Emergent Understanding of Relationships Among Consumption, Production, and the Family


Deborah D. Heisley (1994) ,"Emergent Understanding of Relationships Among Consumption, Production, and the Family", in NA - Advances in Consumer Research Volume 21, eds. Chris T. Allen and Deborah Roedder John, Provo, UT : Association for Consumer Research, Pages: 253.

Advances in Consumer Research Volume 21, 1994      Page 253


Deborah D. Heisley, UCLA

Although the individual is the focus of most consumer research, the family is recognized by consumer behavior researchers as incredibly important. Most consumer research on the family addresses a priori hypothesized relationships between the family and consumption, focuses on pre-purchase decision making, and frequently misses the contextual richness of the family.

This session presents three empirical papers. Each project uses a qualitative, emergent methodology to attain a rich, complex understanding of consumption and production within the context of households and kinship structures. By focusing on the intergenerational transfer of goods, the American Indian arts and crafts industry, and VCR usage, these papers explicate the complex relationships that occur between consumption, production, and the people that construct and maintain meaning within families.

The first paper, "Structural Dimensions of the Inter-generational Transfer of Possessions," by Deborah D. Heisley, Deborah Cours, and Melanie Wallendorf, concentrates on the intergenerational transfer of goods. Seventeen in-depth interviews indicate that three general models are used by individuals or families to determine the flow of goods through the kinship structure. These models are termed the "immortality of self" model, the "family ties" model, and the "status enhancement of self" model. The immortality of self model and the status enhancement of self model focus on the goods, while the family ties model emphasizes the family relationships that are symbolized by the goods. Each model embraces the complex relationship of several factors. Examples are given of several of the factors operating in each model. When family members employ different models, conflict can occur.
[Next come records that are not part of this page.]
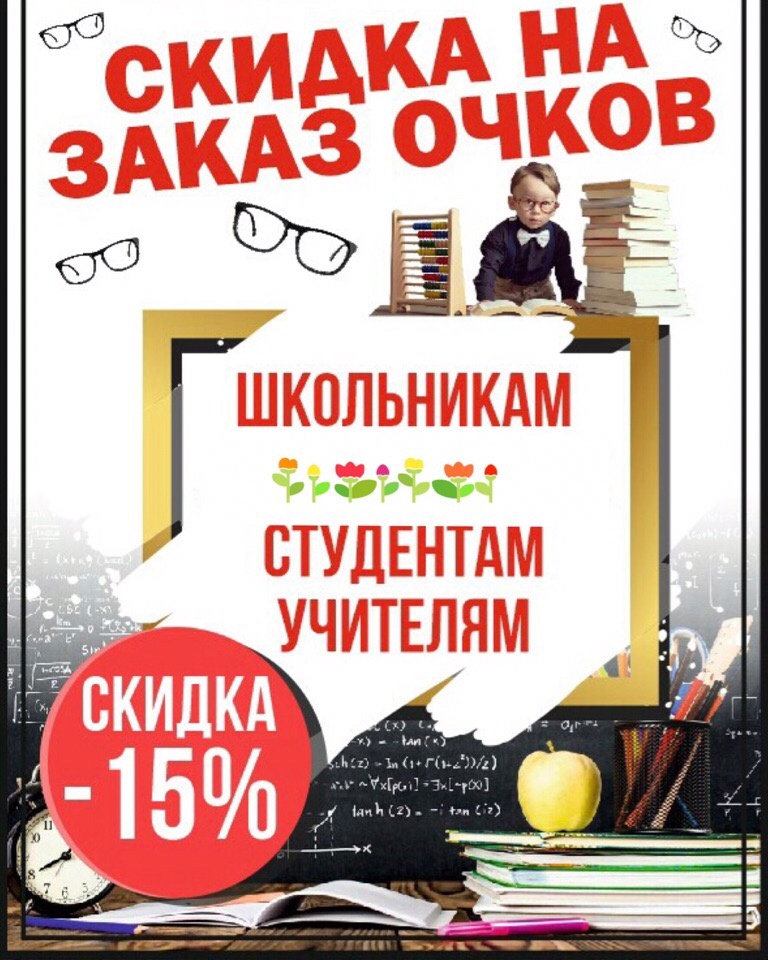 Скидка -15% на очки детям, подросткам, студентам и преподавателям с 15 до 31 августа!
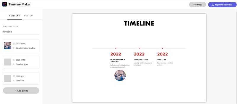 When you get to the Adobe Express Online timeline maker page, you can click on the Create a timeline now button to raise its timeline maker. Under the Content tab, you can enter the timeline title and add new events. You can select a suitable timeline template under the Design tab. This online timeline maker offers some basic tools for you to create a timeline. After you make a timeline, you need to sign in to an account to download it. Adobe Express also gives mobile apps for you to create timelines on your iPhone, iPad, and Android phone.
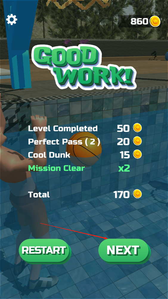 3、完成投籃任務(wù)后,會(huì)根據(jù)扣籃,傳球,以及進(jìn)球時(shí)間等進(jìn)行評(píng)分,以此獲取獎(jiǎng)勵(lì)來(lái)購(gòu)買籃球皮膚,泳池樣式,以及角色裝扮。
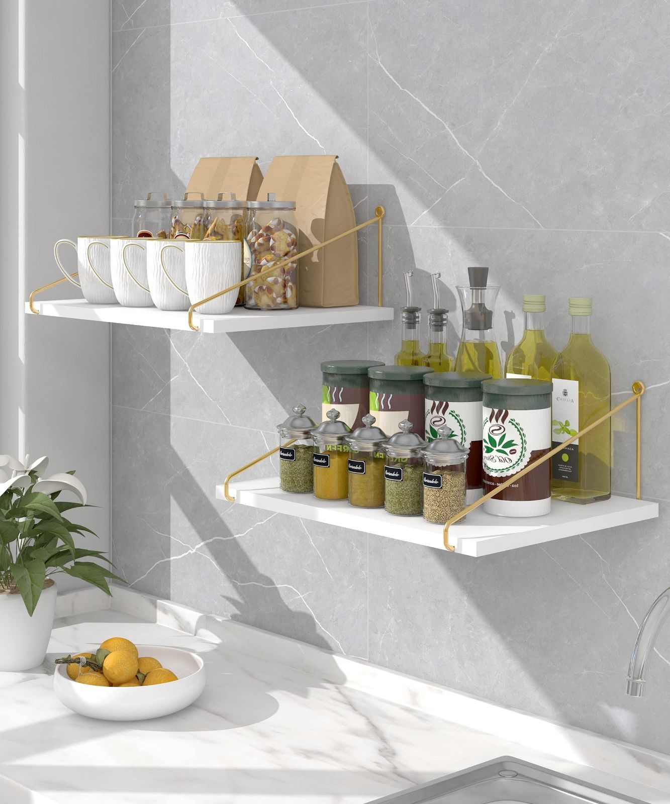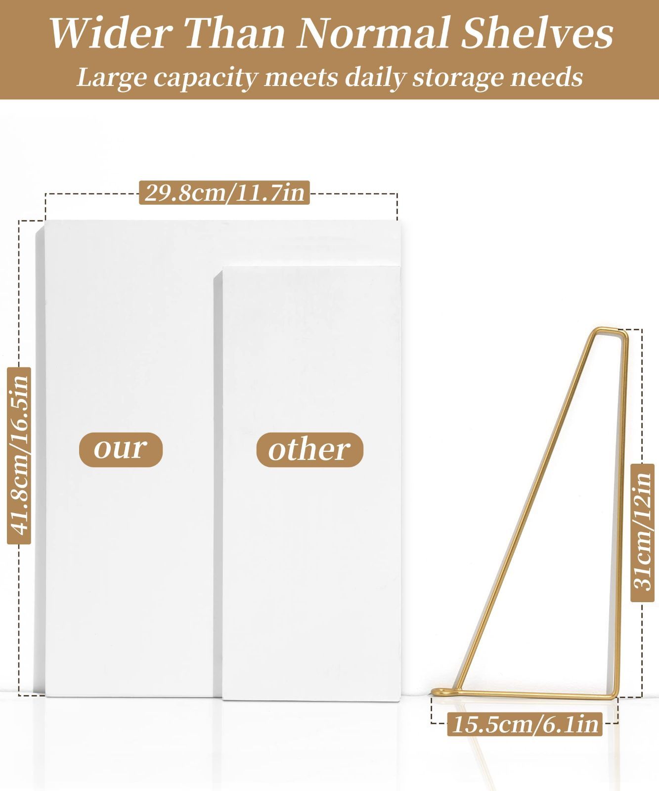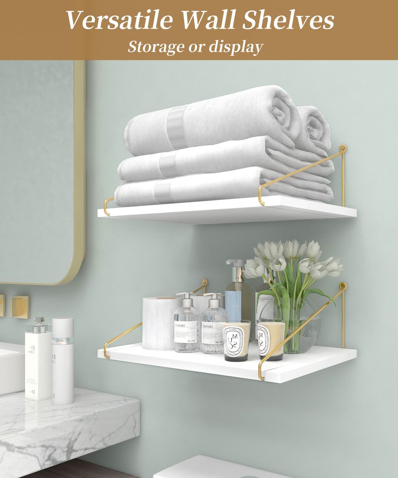 より多くの収納スペースを生み出す幅広のフローティング棚は

The second paper, "Family Businesses and Recursive Relationships: The Impact of Production and Consumption of Family Structure," by Elisabeth Gilster examines family businesses, specifically the impact of family relationships on industrial consumption activities and of business activities on family structure. Ethnographic data from producers and intermediaries in the Navajo jewelry industry indicate that working with family is generally good for business. Family members foster learning, cooperation, and mutual trust. Being in business together has the effect of strengthening family bonds, but it also creates strains on family relationships. The resultant family situation is likely to have some impact on future industrial consumption activities.

The third paper, "The Family VCR: Ordinary Family Life With a Common Textual Product," by Thomas C. O'Guinn, Timothy Meyer, and Mary McNeil, reports the findings of a study of family consumer behavior as it relates to a common family product, the videocassette recorder. Participant observation, in-depth interviews, viewing questionnaires, and diaries were used in six households for periods from four months to eight years. Their findings indicate a largely individualistic family role structure, strongly influenced by gender and domain authority. They also find the family VCR strongly situated within interpretive communities, with the production and consumption of text an essential aspect of the socially embedded behavior they sought to explore. Finally, they note a distinct disparity between observed and self reported data.

This session goes beyond the typical focus on the interaction of family members surrounding purchase decisions. The focus is on the importance of the kinship structure and the household on negotiating meaning within the complex production and consumption activities which families and households engage in. Emergent, qualitative approaches capture the richness and complexities of these experiences.